1. Many people routinely fail to include the following in their income tax returns:
- Interest income on FDs
- Income from previous employers (if they have changed jobs during the year)
- Income on investments made in the name of their spouses/children  

2. Interest income on Savings Account is another item that is normally forgotten to be included. (In fact, till last year, even Re.1 of savings account interest was taxable.) Though this year up to Rs.10,000 is tax deductible, it still has to be reported as income from other sources. And then deduction can be claimed u/s 80TTA in Schedule VI-A of the form.

3. Nowadays many people own more than one property. Many times these properties are either occupied by parents/siblings or lying vacant. As per IT Act, all properties (except one self-occupied property) are liable for taxation — whether rented out or not.


4. Just because certain incomes are exempt from tax e.g.
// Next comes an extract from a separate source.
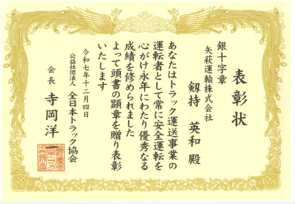 昨年に引き続き、弊社の運転手が全日本トラック協会から優秀運転者顕章(銀十字章)を2人が受賞いたしました。 おめでとうございます!

PPF interest, Dividends, Capital Gains on which STT has been paid, Insurance proceeds, etc. doesn't mean that they don't have to be reported. There is a separate annexure in IT Return forms where such incomes have to be disclosed.

5. Every year IT Dept. comes across thousands of returns with incorrect addresses, bank account nos., IFSC codes (earlier MICR codes) and even erroneous PAN Nos.

6. Discrepancy in actual tax deducted at source (by your employer on your salary; on interest by banks; on rent; on professional fees etc.) and the details available with IT Dept. is not uncommon. These must, therefore, be verified in Form AS26 available on IT Dept's website. If they do not tally, matter must be reported to the tax deductor for resolving the discrepancies. Else, tax refunds will get delayed or even demand for additional tax may be issued.

7. If returns are filed without Digital Signature, ITR V must be sent to IT Dept's Bangalore office within 120 days of filing the return. This has to be signed in blue ink and sent by ordinary post only. Private couriers are not acceptable.

8. TDS doesn't mean that total tax dues have been paid. For example, as per IT Act banks will deduct only 10% TDS on FDs. But if someone is in the 20 or 30% tax bracket, he is liable to pay this difference by way of Advance Tax or Self Assessment Tax. 

9. Filing of incorrect IT Form too is routinely observed. Therefore, care must be taken to select the right form applicable.

10. Mistakes also happen in deductions claimed u/s 80C. For example, out of total EMIs paid, only the principal portion has to be shown in Schedule VI-A. The interest portion gets deducted in the House Property Schedule. (Moreover, this interest+principal deduction is available only if the property is complete.) Or for PF, only employee's portion has to be shown u/s 80C, not the employer's contribution.